- Opening Delimiter -

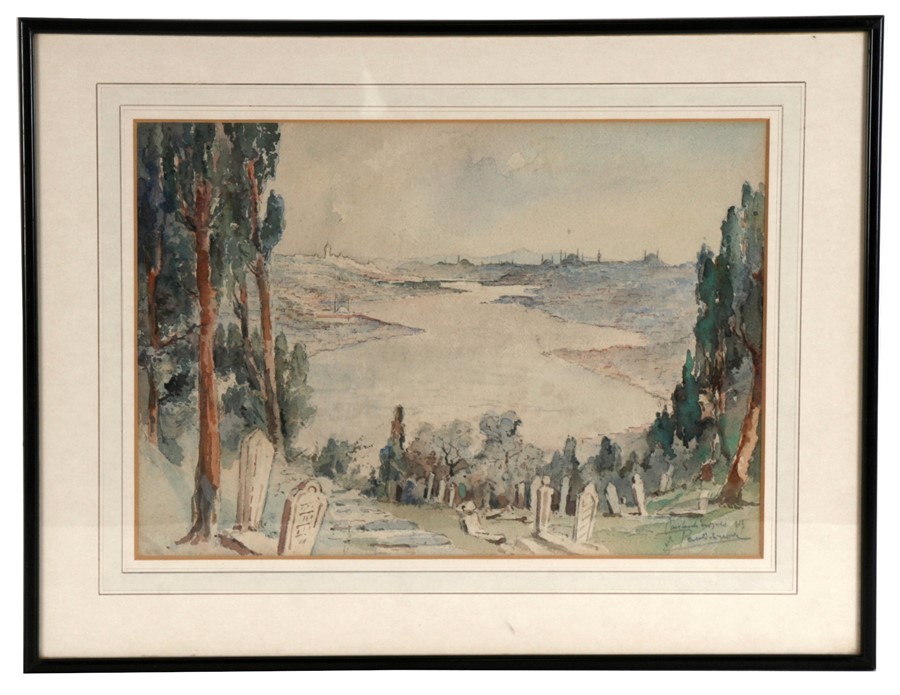Lot 751. Jozef Pavlekevich (Polish 19th / 20th century) – View of Istanbul from the Hill of Eyup – signed lower right, watercolour, framed & glazed, 40 by 28cms (15.75 by 11ins). Estimate 40 – 60 euro. Clarke’s Auctions at Semley. 12/28/19
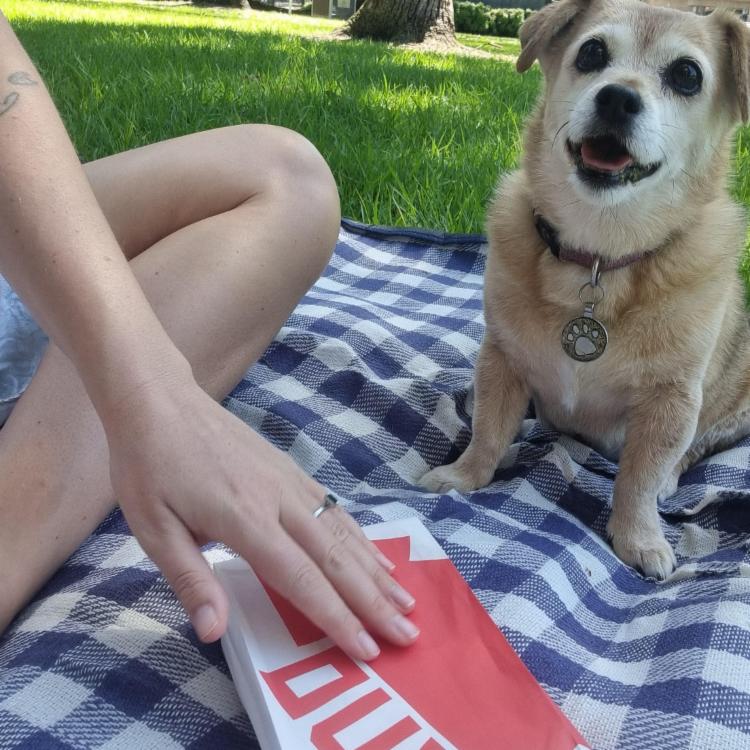 Cali: Our 13-year-old Jack Russell X is a sweet and affectionate dog who loves cuddles and walks. She’s toilet-trained and follows a simple schedule: she heads out for her nightly toilet around 8 PM and holds until morning, on the odd occasion she will bark at the backdoor if she needs to go to the toilet overnight and thinks the pet door is locked. Cali has a specific meal routine: a dentastick and cookies in the morning, and homemade chicken/fish and rice for dinner (pre-made for you!).
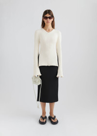 The Tube top is crafted from a cotton-blend with a textured bouclé-effect finish. Adjustable ties detail the open back. The model is 173cm / 5'8 ft wears a size S.
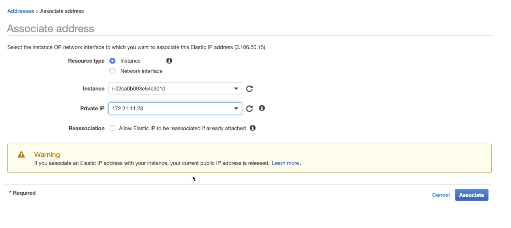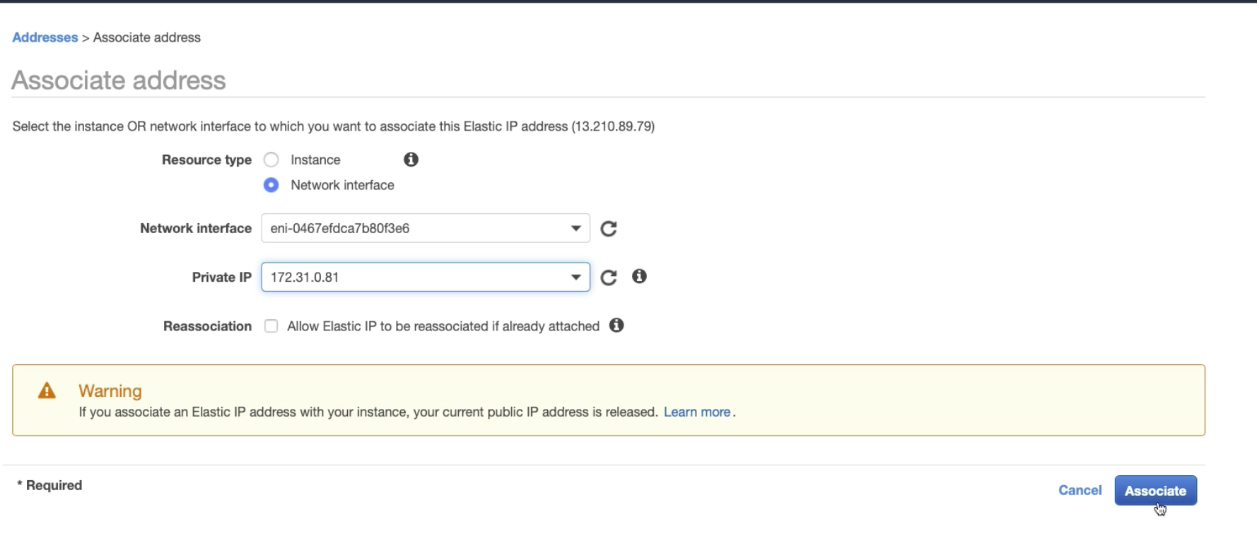 - Associate the Elastic IP with your instance default network interface.

- Closing Delimiter -

(Exercise brief): A word-for-word restatement of all the lines above is needed, with the pictures omitted.

(Exercise result):
Lot 751. Jozef Pavlekevich (Polish 19th / 20th century) – View of Istanbul from the Hill of Eyup – signed lower right, watercolour, framed & glazed, 40 by 28cms (15.75 by 11ins). Estimate 40 – 60 euro. Clarke’s Auctions at Semley. 12/28/19
 Cali: Our 13-year-old Jack Russell X is a sweet and affectionate dog who loves cuddles and walks. She’s toilet-trained and follows a simple schedule: she heads out for her nightly toilet around 8 PM and holds until morning, on the odd occasion she will bark at the backdoor if she needs to go to the toilet overnight and thinks the pet door is locked. Cali has a specific meal routine: a dentastick and cookies in the morning, and homemade chicken/fish and rice for dinner (pre-made for you!).
 The Tube top is crafted from a cotton-blend with a textured bouclé-effect finish. Adjustable ties detail the open back. The model is 173cm / 5'8 ft wears a size S.
 - Associate the Elastic IP with your instance default network interface.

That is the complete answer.